-- TASK INPUT follows --
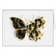 Goudbloemvlinder met zwarte juwelen, versierd met goudbladeren op witte achtergrond.
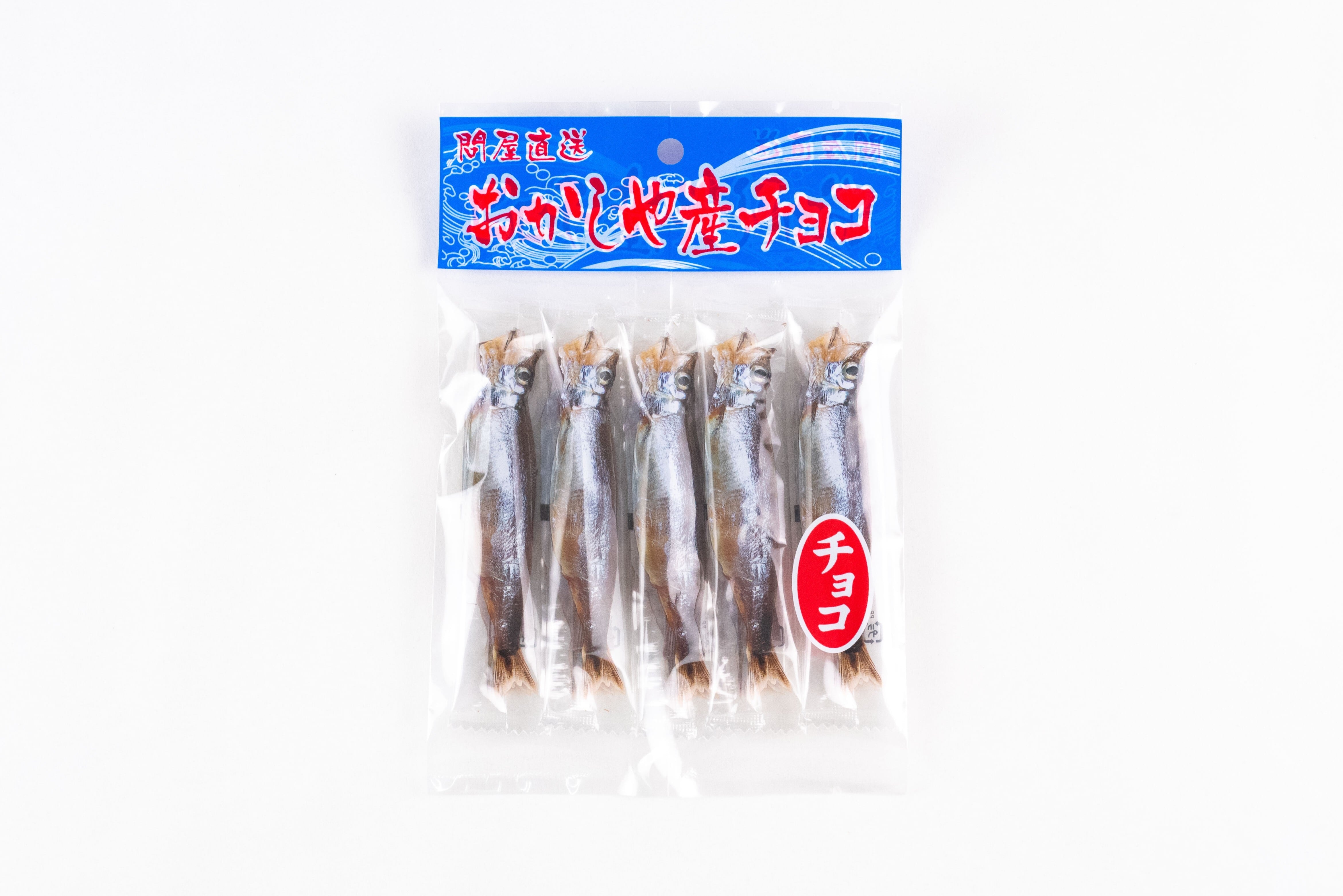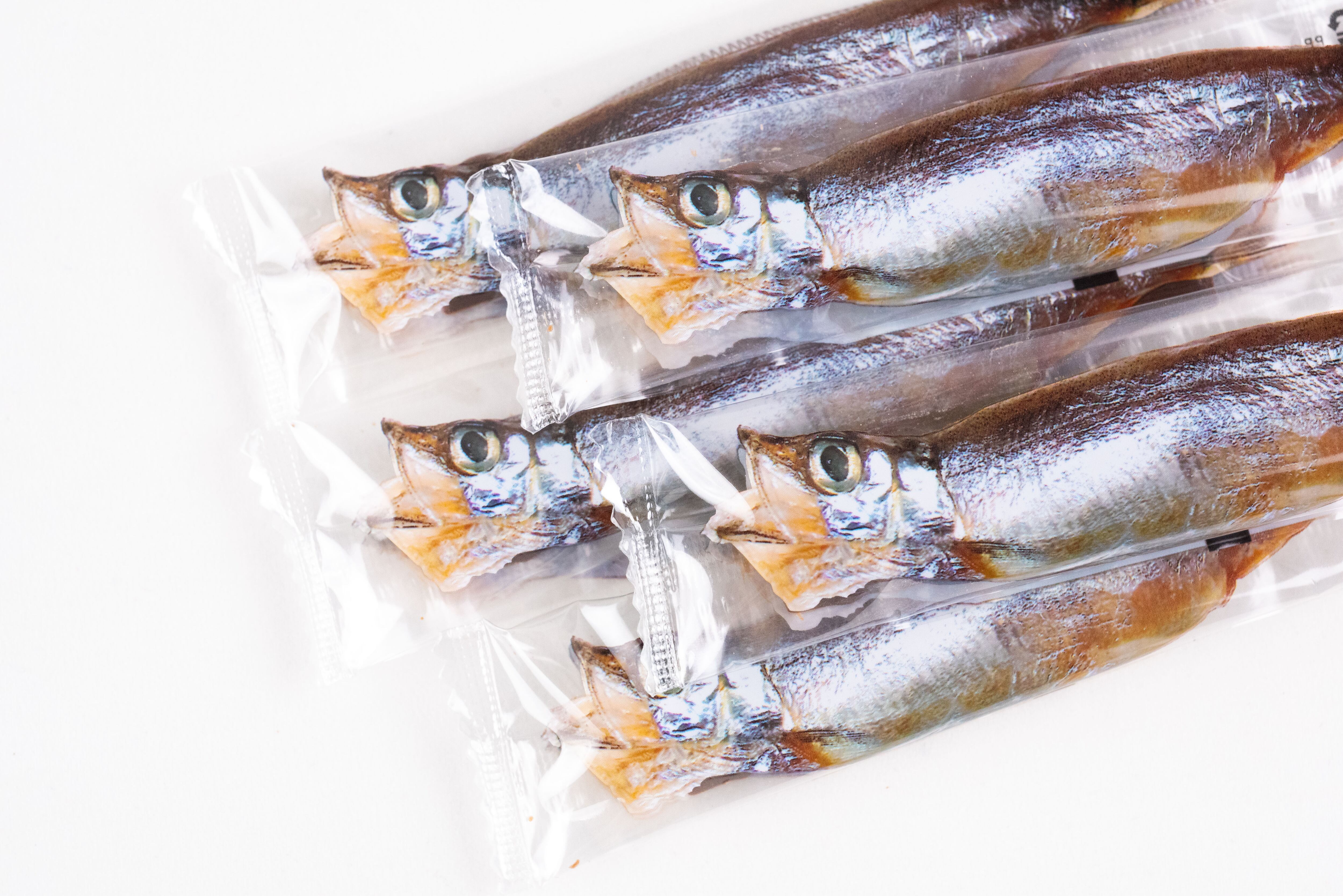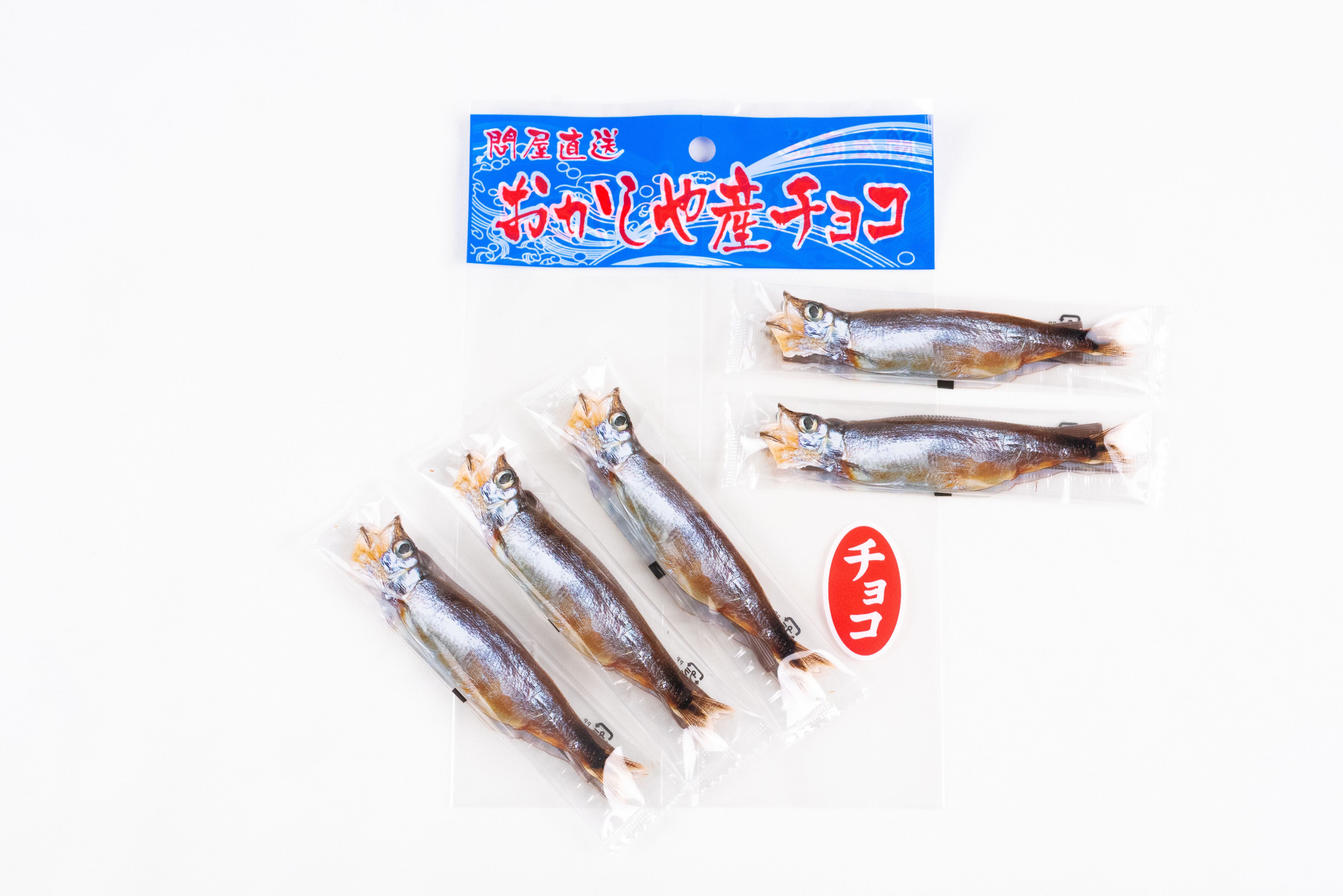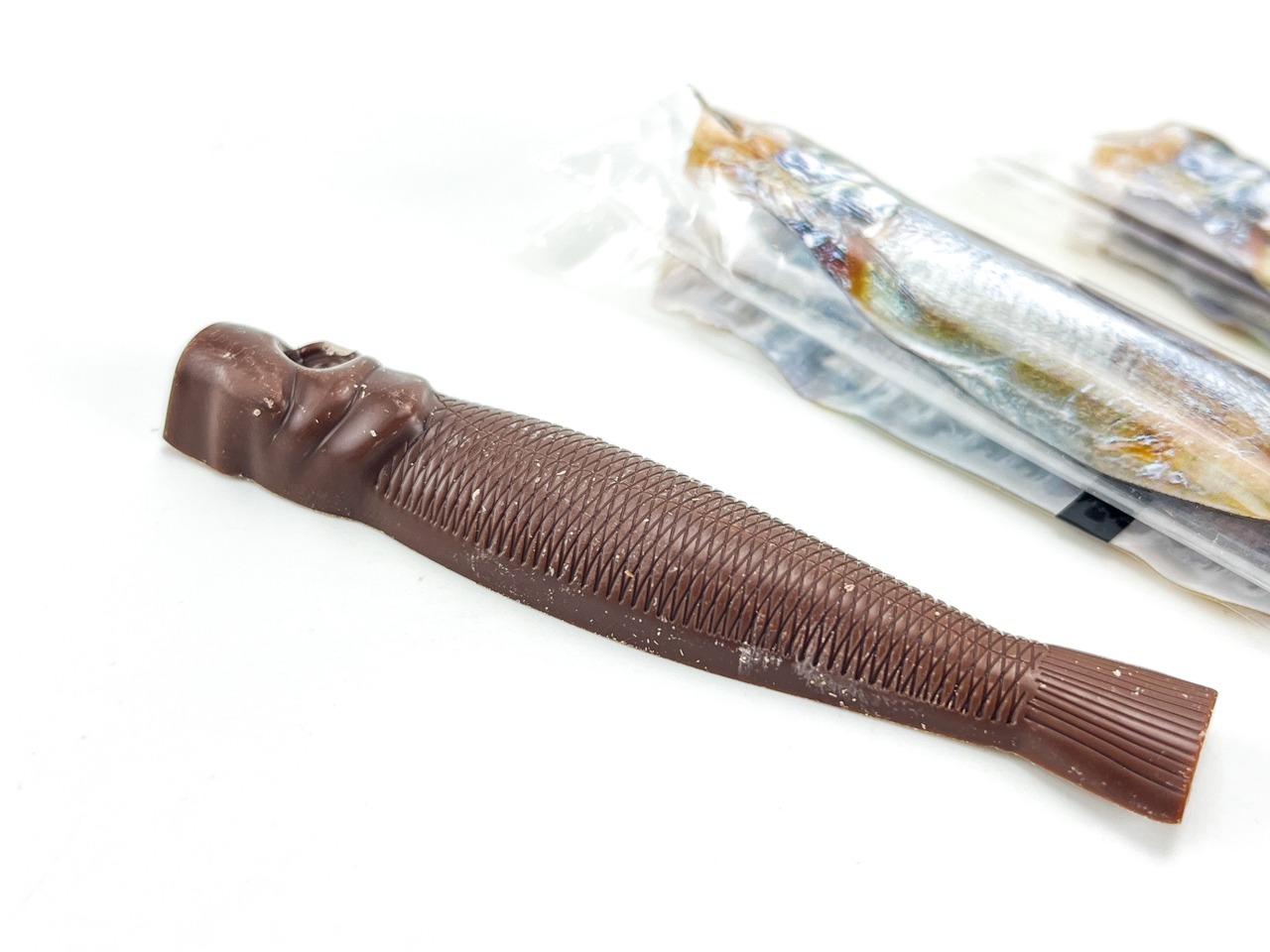 鮮魚店で売られているようなパッケージを開けると、中には魚の形を精巧に模した個包装のししゃもチョコが5本。
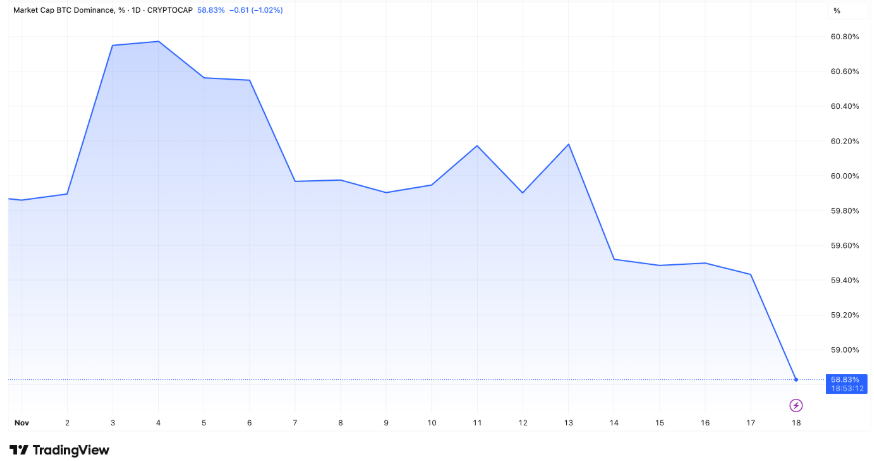 反映比特币占加密货币总市值份额的比特币主导指数(BTC.D)在2025年11月从61%上方跌至58.8%。分析师认为这一技术破位可能成为市场转向的关键信号,预示着山寨币或将迎来上涨周期。
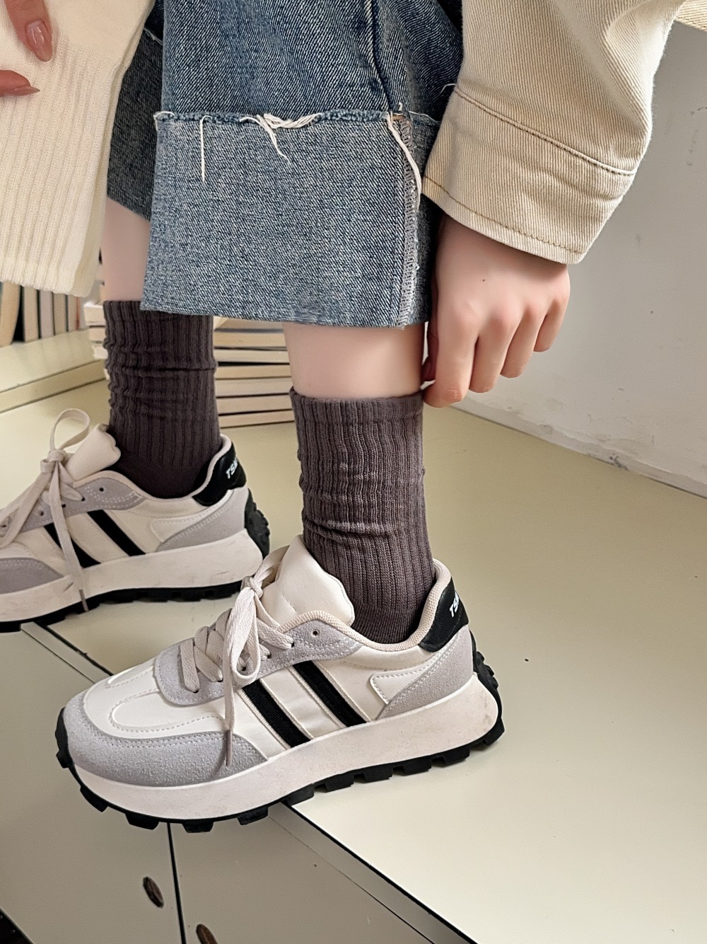 卡通學院風 撞色字母中筒襪 92
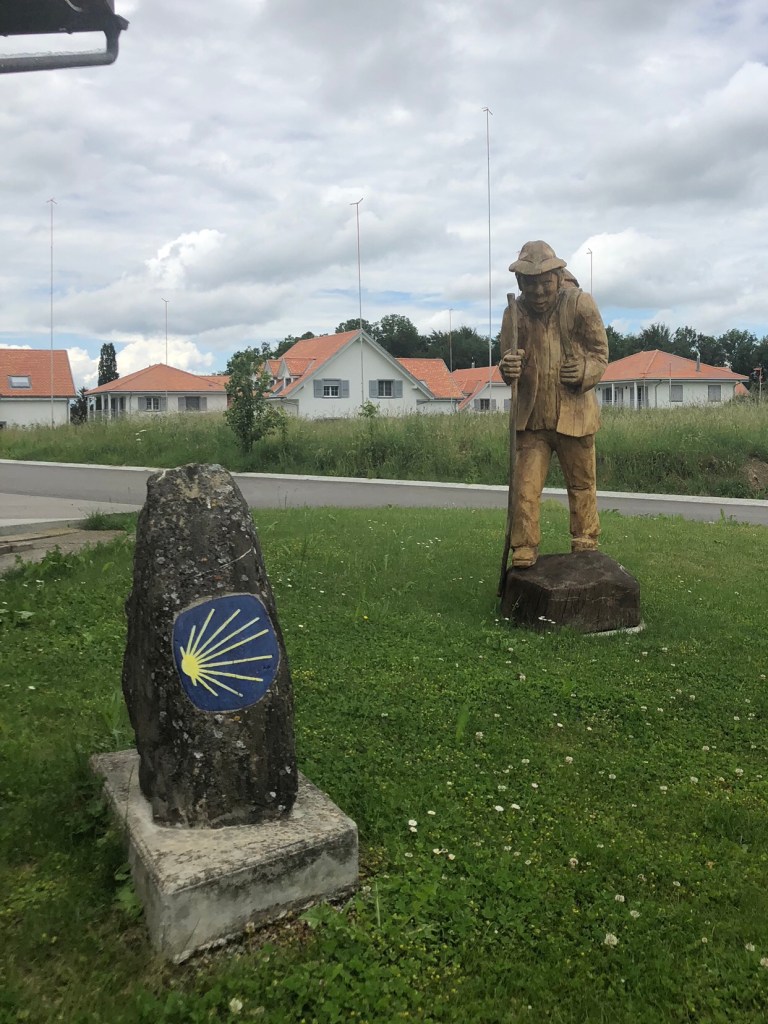 As we approach Posieux, we see an interesting wood carving celebrating the Camino.
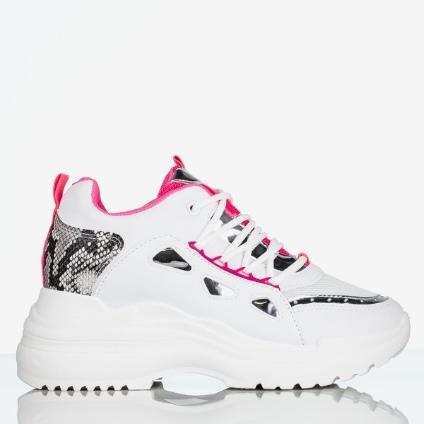 - Încălțăminte sport la modă pentru femei, cu talpă groasă. Partea superioară este confecționată din piele ecologică în alb. În plus, are inserții decorative cu un finisaj metalic și cu relief în piele de a'la de șarpe pentru animale. La mijloc au o pană ac
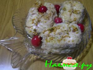 Сверху выложить кусочки фруктов и посыпать орешками.
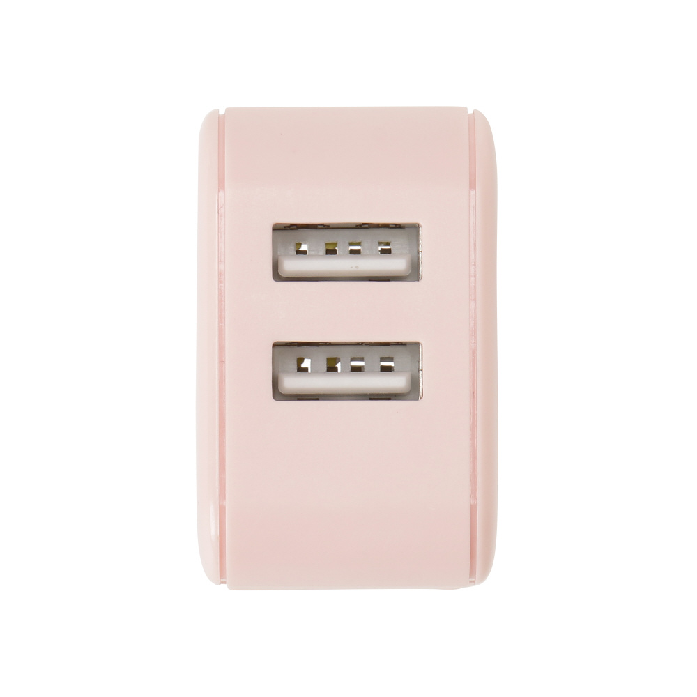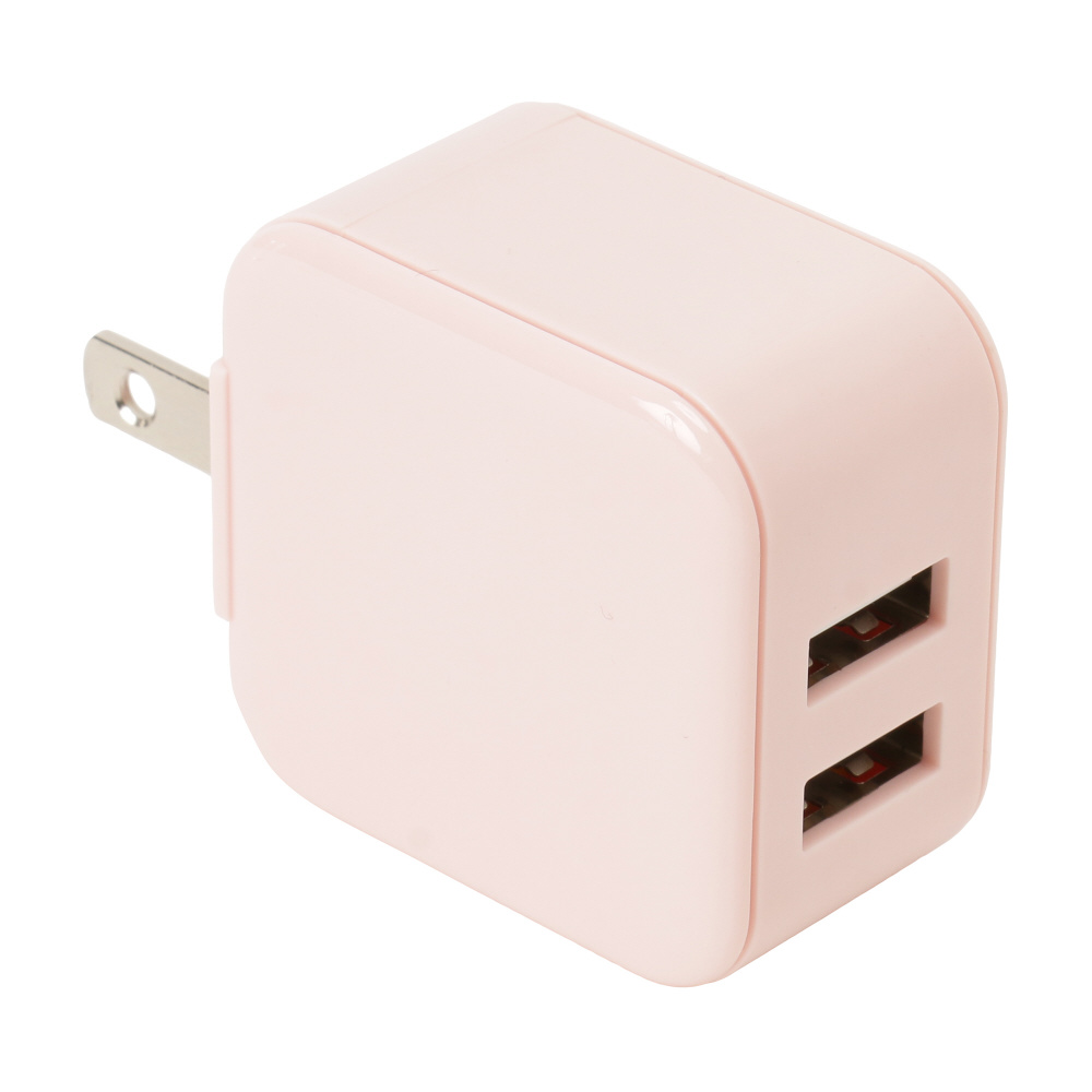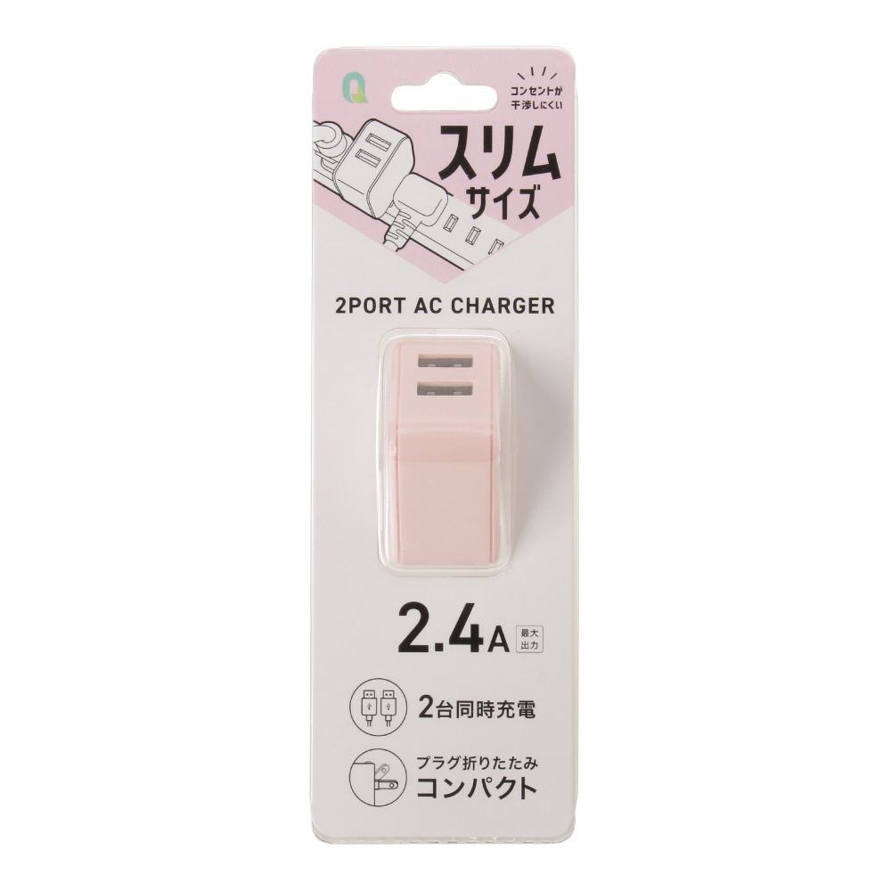 2.4A出力USB2ポート スリムタイプACアダプタ ピンク QU-029PK
-- TASK INPUT concluded --
EXERCISE OBJECTIVE
Produce an exact copy of the lines from the line containing "- Încălțăminte sport" through the last line of the records, with no pictures and no other text.

RESPONSE TO THIS TASK
 - Încălțăminte sport la modă pentru femei, cu talpă groasă. Partea superioară este confecționată din piele ecologică în alb. În plus, are inserții decorative cu un finisaj metalic și cu relief în piele de a'la de șarpe pentru animale. La mijloc au o pană ac
 Сверху выложить кусочки фруктов и посыпать орешками.
 2.4A出力USB2ポート スリムタイプACアダプタ ピンク QU-029PK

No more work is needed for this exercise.